One More Reason to Stop Panicking About the Long-term Deficit

Michael Stephens | August 27, 2013

The case for being alarmed about the US budget deficit — more specifically, for being worried that it’s too high, or will be too high in the next decade or two — continues to weaken, and this is so even if we limit ourselves to the deficit hawks’ own theoretical turf. These days, you don’t need to have read Abba Lerner to know that we should be moving on to more pressing matters.

Now that the deficit is shrinking fast, the standard fallback is to shift the focus to the long term. The go-to story for long-term deficit anxiety has to do with the prospect of healthcare costs rising much faster than the rate of economic growth (in the medium term, it’s more about predictions of how high the Federal Reserve will raise interest rates).
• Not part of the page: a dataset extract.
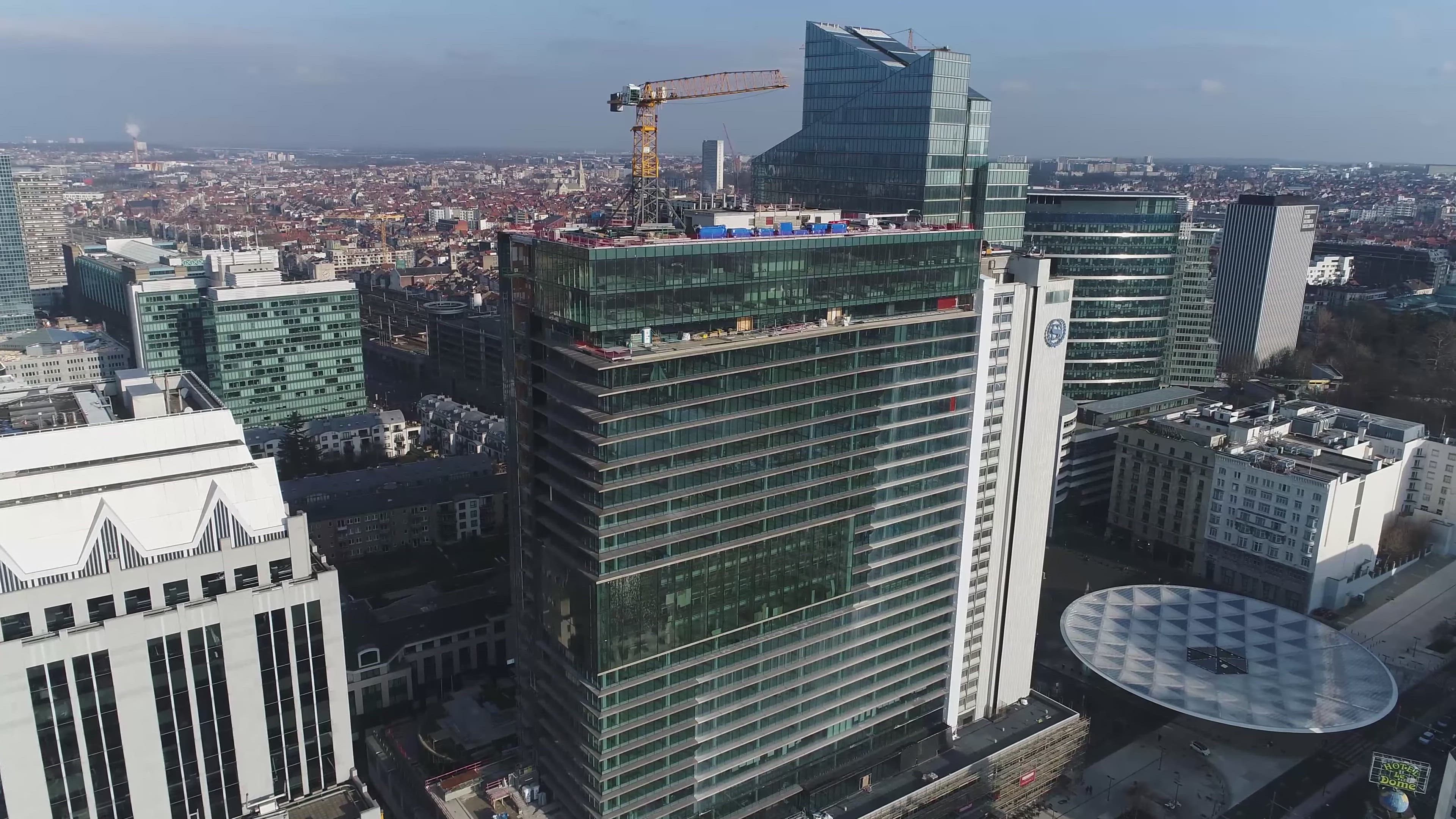Bird's eye view of the new constructions in the northern quarter of Brussels. Vue aérienne des nouvelles constructions du quartier nord de Bruxelles. Vogelperspectief van de nieuwe constructies in de noordwijk van Brussel. Music: Dvorák symphony No9

The problem is that this healthcare story is badly out of date. The last several years have seen a significant slowdown in cost growth in the medical sector. Initially, it could be suggested that the recession was playing the main role here (so cost growth would simply snap back to previous trends when the economy recovered). However, more and more evidence is coming in to suggest that it’s primarily changes in practices and behavior unrelated to the recession that are “bending of the cost curve” (hence the trend may be more likely to persist). From the abstract of a new Congressional Budget Office working paper (pdf) that looks at Medicare spending in particular:

Growth in spending per beneficiary in the fee-for-service portion of Medicare has slowed substantially in recent years. The slowdown has been widespread, extending across all of the major service categories, groups of beneficiaries that receive very different amounts of medical care, and all major regions. We estimate that slower growth in payment rates and changes in observable factors affecting beneficiaries’ demand for services explain little of the slowdown in spending growth for elderly beneficiaries between the 2000–2005 and 2007–2010 periods. Specifically, available evidence does not support a finding that demand for health care by Medicare beneficiaries was measurably diminished by the financial turmoil and recession. Instead, much of the slowdown in spending growth appears to have been caused by other factors affecting beneficiaries’ demand for care and by changes in providers’ behavior.